This R Markdown document accompanies the course LCF5900 – Reproducible and Open Processing of Scientific Data (2026) and demonstrates how to incorporate openly shared data and code into a transparent workflow. The example selected comes from Banks‑Leite, C.; Ewers, R. M.; Metzger, J. P. (2012) titled Unraveling the drivers of community dissimilarity and species extinction in fragmented landscapes published in Ecology.
This study was chosen because it exemplifies good practices in open data and code sharing in landscape ecology. Following the principles of scientific reproducibility advocated by Scientific Data and Springer Nature, the authors provide their raw data, R scripts, and auxiliary functions necessary to reproduce the analyses.
The repository includes:
The article investigates how biological communities change across fragmented landscapes. Traditional fragmentation studies rely on the Species–Area Relationship (SAR), which assumes that habitat loss causes species extinctions. However, disturbance‑tolerant species may colonize degraded habitats, offsetting extinctions. To examine these dynamics, the authors analysed 140 bird species sampled in 65 forest patches within six Atlantic‑Forest landscapes exhibiting varying amounts of forest cover.
Empirical results were compared against simulations of over eight million ecological communities. These simulations contrasted models driven by SAR against models driven by species turnover. The findings showed that composition was strongly affected by habitat loss at both patch and landscape scales, whereas total species richness changed little. Replacement of forest‑dependent species by disturbance‑tolerant species explained the observed patterns better than SAR alone. Consequently, species richness is a poor proxy for assessing ecological responses to fragmentation.
The study demonstrates that significant shifts in community composition can occur without pronounced declines in species richness, highlighting the importance of species turnover and species‑specific extinction thresholds in landscape ecology. As an example of open science, it provides the data and code necessary to replicate the analyses, supporting transparency and reproducibility.

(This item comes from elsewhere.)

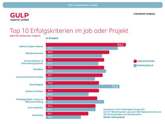 Auch die befragten Festangestellten schätzen die Lage ähnlich ein. Diese nannten auf die Frage «Was ist wichtig, um in Festanstellung erfolgreich zu sein?» ebenfalls die Punkte der Freelancer, hatten jedoch eine andere Topantwort. In Arbeitnehmerkreisen wird die «Teamfähigkeit» mit 77,4 Prozent der Stimmen als wichtigste Eigenschaft empfunden. Zudem gehört die «Stress-Resistenz» zu einer der häufigsten Antworten mit 61,1 Prozent. Das «Fachwissen» lag hier lediglich auf Platz elf.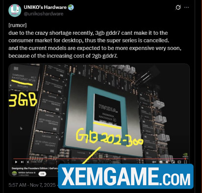 Tuy nhiên, theo bài đăng từ ‘Uniko’s Hardware’, một chuyên gia rò rỉ thông tin công nghệ trên X (trước đây là Twitter), những con chip 3Gb này đang phải chịu tình trạng “thiếu hụt nghiêm trọng”, nghĩa là chúng sẽ không có đủ số lượng cho card đồ họa máy tính để bàn và “do đó, dòng sản phẩm siêu cấp này sẽ bị hủy bỏ”.

In this section we illustrate how to fetch and inspect data stored in
a GitHub repository. The repository
Open‑Science---Figshare‑exercise contains the explanatory
text summarizing the selected article. Below we download the README file
directly from GitHub and display its contents.
# Load necessary packages
library(httr)
# Define the URL to the raw README file in the GitHub repository
readme_url <- "https://raw.githubusercontent.com/jomilc/Open-Science---Figshare-exercise/main/README.md"
# Download the README content
resp <- httr::GET(readme_url)
if (httr::status_code(resp) == 200) {
readme_text <- httr::content(resp, as = "text", encoding = "UTF-8")

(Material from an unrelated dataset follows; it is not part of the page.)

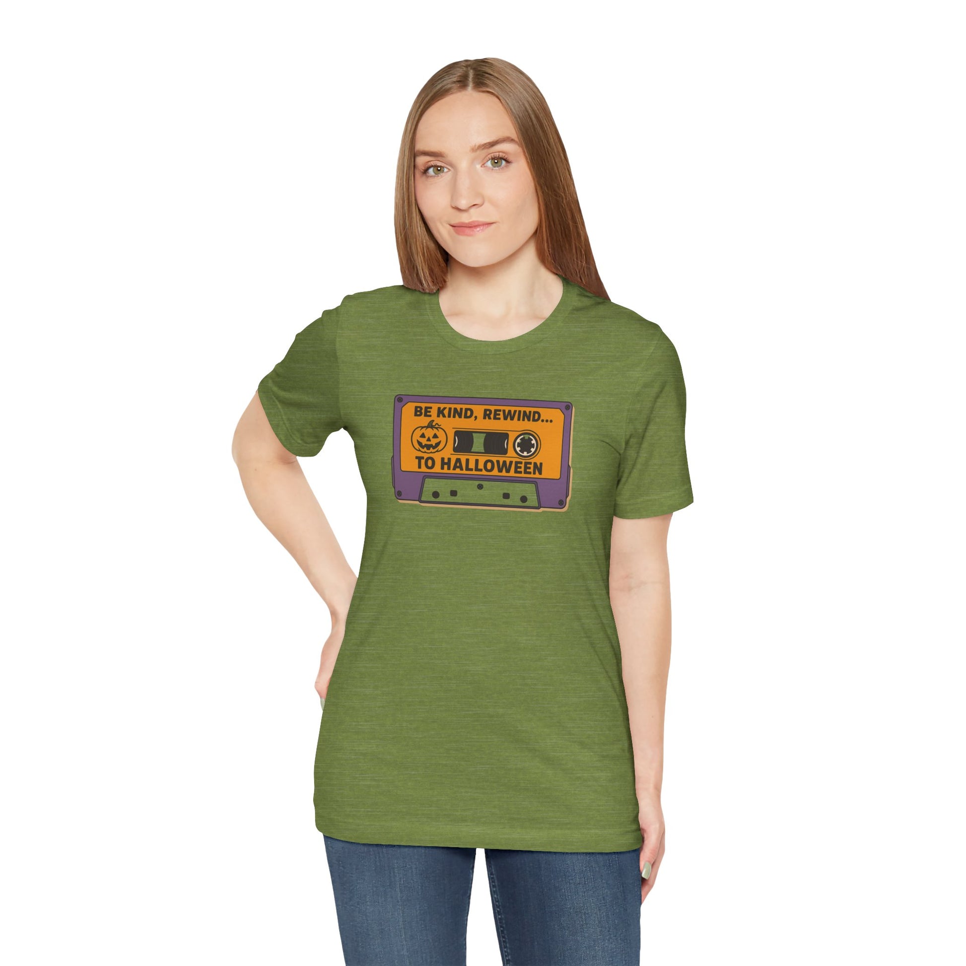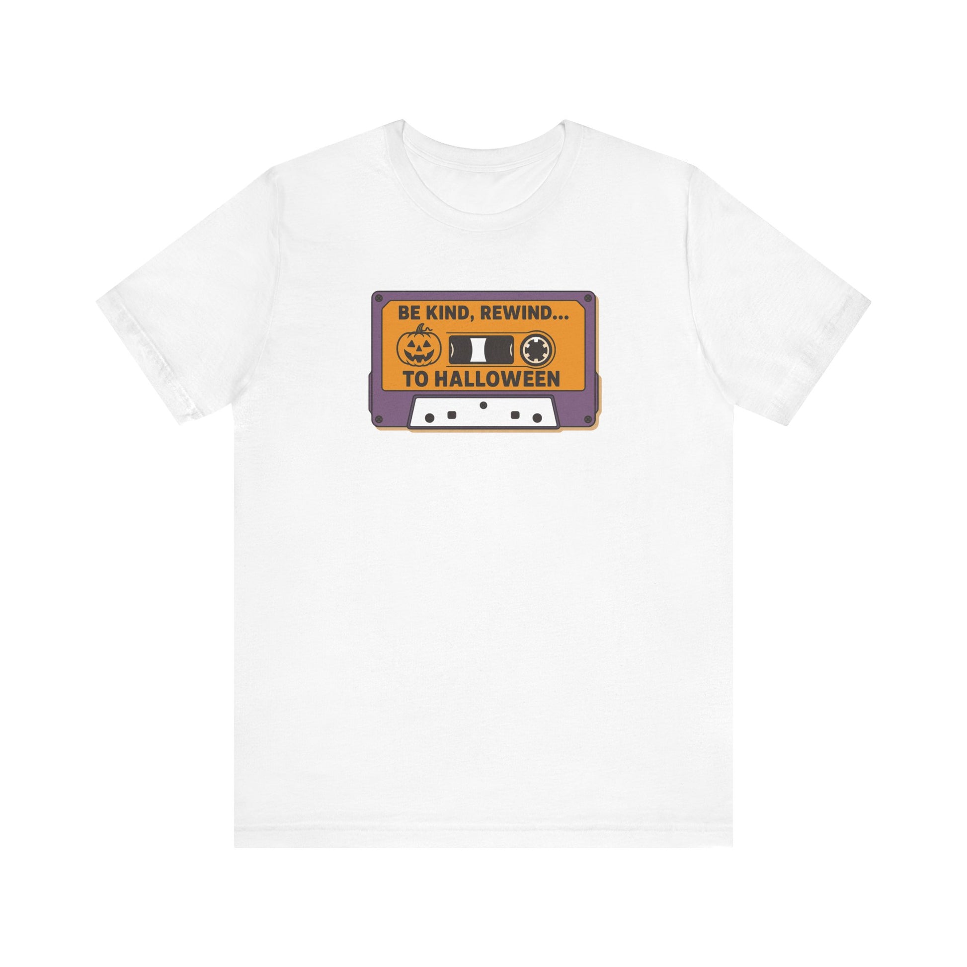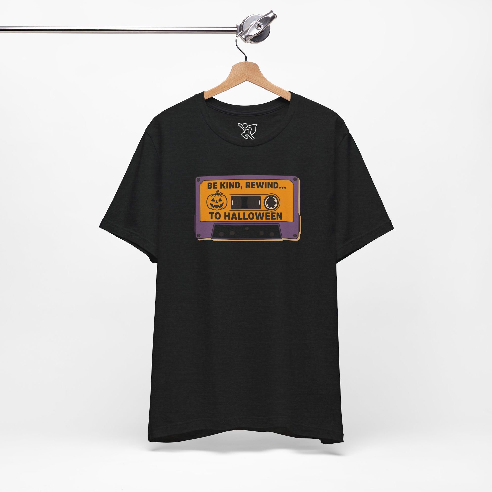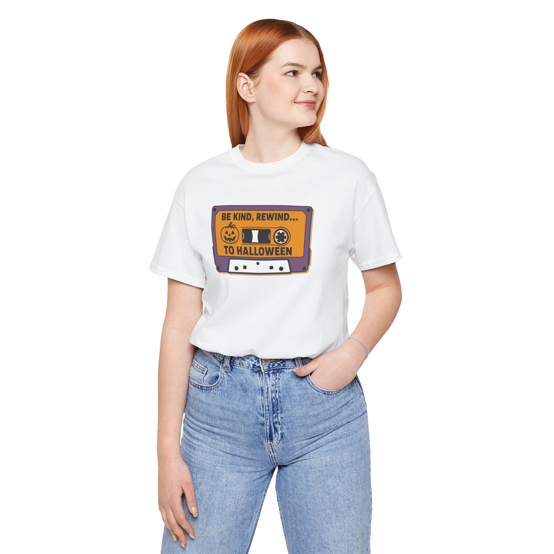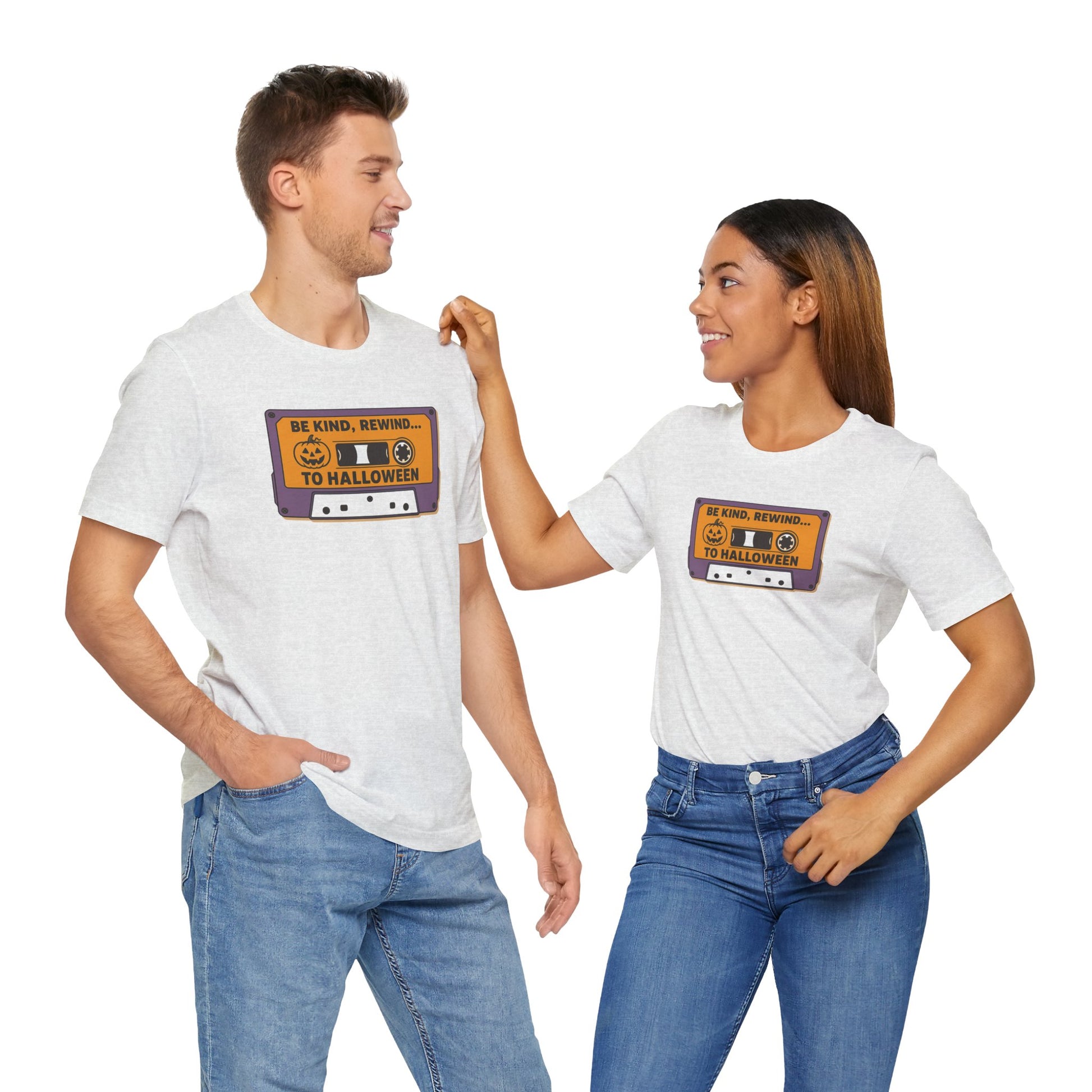 "Be Kind, Rewind to Halloween" T-Shirt, Unisex Casual Wear, Spooky Season Top, Vintage Style Shirt

# Print the first few lines of the README
cat(paste(head(strsplit(readme_text, "\n")[[1]], 15), collapse = "\n"))
} else {
cat("Failed to retrieve README.md from GitHub")
}
## # Open-Science - Figshare-exercise
##
## Selected Article for Open Science Exercise and Reproducibility Assessment
## LCF5900 - Reproducible and Open Processing of Scientific Data (2026)
##
## As an example of data and code sharing in Landscape Ecology, the following article was selected:
##
## Banks-Leite, C.; Ewers, R. M.; Metzger, J. P. (2012). Unraveling the drivers of community dissimilarity and species extinction in fragmented landscapes. Ecology, 93(12), 2560–2569.
##
## DOI: 10.1890/11-2054.1
##
## Scientific article: Unraveling the drivers of community dissimilarity and species extinction in fragmented landscapes
##
## Data and code repository (Figshare): Supplement 1 – Data and R source code
The code chunk above downloads the README file from GitHub via the
httr package and prints the first 15 lines. You can adapt
this approach to retrieve data files (e.g., .csv,
.tsv) stored in a repository by replacing
readme_url with the appropriate raw file URL. Once data are
read into R, you can perform exploratory analyses, visualize them, and
reproduce the results described in the article.

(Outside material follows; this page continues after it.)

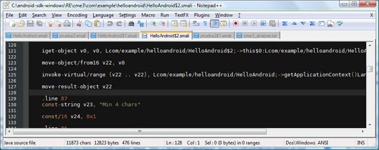located at '\com\example\helloandroid'. Open all the .smali files into

This R Markdown document illustrates how to incorporate information from a GitHub repository into a reproducible workflow. By coupling narrative text describing the scientific study with code that fetches data from open repositories, we adhere to principles of open science and reproducibility. You can extend this template by adding additional code chunks to process and analyze the actual bird community data provided in the Figshare repository once the data files are downloaded locally or accessed via raw URLs.